А Франциска тем временем, с самым что ни на есть хулиганским видом закинула ногу на ногу и, вдвинувшись поглубже, поудобнее на лавочку, и потирая пальцами виски, чуть сбивая при этом головной убор назад, и, сделав вид, как будто меняет тему, невесомо добавила:
— А знаешь, между прочим, какие здесь жесткие правила были в монастыре первые пятнадцать лет, после того как я сюда поступила! Нам вообще никуда не позволяли выходить за территорию — ни ногой! А гулять разрешали только вот здесь вот, во внутреннем дворике! Пока Консилиум не решил иначе.
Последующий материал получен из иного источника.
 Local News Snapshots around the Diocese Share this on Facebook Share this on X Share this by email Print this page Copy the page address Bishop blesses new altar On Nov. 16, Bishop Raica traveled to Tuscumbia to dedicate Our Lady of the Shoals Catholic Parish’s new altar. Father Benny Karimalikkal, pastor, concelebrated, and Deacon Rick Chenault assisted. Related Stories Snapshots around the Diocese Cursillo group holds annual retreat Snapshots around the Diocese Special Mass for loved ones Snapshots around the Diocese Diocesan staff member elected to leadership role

— Кошмар! — не удержалась Елена. — Кто же имеет право вас ограничивать?! Кто же имеет право запрещать вам ходит в горы и любоваться сотворенной Богом красотой?! Вы же сами сказали: надо слушаться только Бога и себя!
Франциска хитренько улыбнулась, по-пацански засунула руки в карманы туники и оттопырила их:
— Ну, вот видишь! — и ее красивые брови выгнулись двумя крутыми мостиками, рифмуя очень шедший к ним черный шаперон. — Тебе это не по вкусу. Здесь — защита. Но это не рай. Ты же это прекрасно понимаешь. Сражение везде — и здесь, внутри — и там, снаружи. И так будет всегда, пока не…
И вдруг радостно, вся просияв, соскочила с лавки:
— А вот у меня есть кое-что для тебя, что точно тебе понравится! — и выудила из правого кармана облачения белую рыбину с блестящим серебряным глазом, сделанную из материала точно такого же сырого цвета, что и те тисненые прямоугольнички, в свечной лавке, которые Елена приняла за мыло.
— Что это?!
— Марципан, — и, быстро шебурша, разворачивая слюду, уже протягивала Елене, приговаривая: — Ешь, пожалуйста! Nur Mandeln, Zucker und Wasser, это мы здесь сами делаем! — скороговоркой перечисляла она ей ингредиенты. — Не волнуйся, — будто откуда-то знала про ее веганские фобии. И настояла, чтобы всю рыбу Елена непременно съела при ней же целиком.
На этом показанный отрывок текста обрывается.